I. Many Manichæans have been discovered in Rome.
We call you to a share in our anxiety, that with the diligence of shepherds you may take more careful heed to your flocks entrusted to you that no craft of the devil's be permitted: lest that plague, which by the revealing mercy of the Lord is driven off from our flocks through our care, should spread among your churches before you are forewarned, and are still ignorant of what is happening, and should find means of stealthily burrowing into your midst, and thus what we are checking in the City should take hidden root among you and grow up.
Our search has discovered in the City a great many followers and teachers of the Manichæan impiety, our watchfulness has proclaimed them, and our authority and censure has checked them: those whom we could reform we have corrected and driven to condemn Manichæus with his preachings and teachings by public confession in church, and by the subscription of their own hand, and thus we have lifted those who have acknowledged their fault from the pit of their iniquity by granting them room for repentance. A good many, however, who had so deeply involved themselves that no remedy could assist them, have been subjected to the laws in accordance with the constitutions of our Christian princes, and lest they should pollute the holy flock by their contagion, have been banished into perpetual exile by public judges.

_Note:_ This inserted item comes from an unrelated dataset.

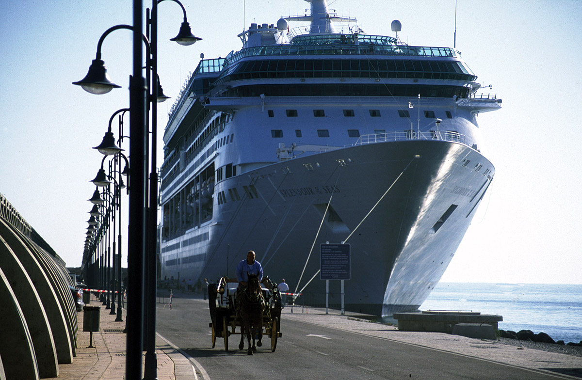 Un crucero en el puerto y un coche de caballos, turismo de ayer y de hoy

And all the profane and disgraceful things which are found as well in their writings as in their secret traditions, we have disclosed and clearly proved to the eyes of the Christian laity that the people might know what to shrink from or avoid: so that he that was called their bishop was himself tried by us, and betrayed the criminal views which he held in his mystic religion, as the record of our proceedings can show you. For this, too, we have sent you for instruction: and after reading them you will be in a position to understand all the discoveries we have made.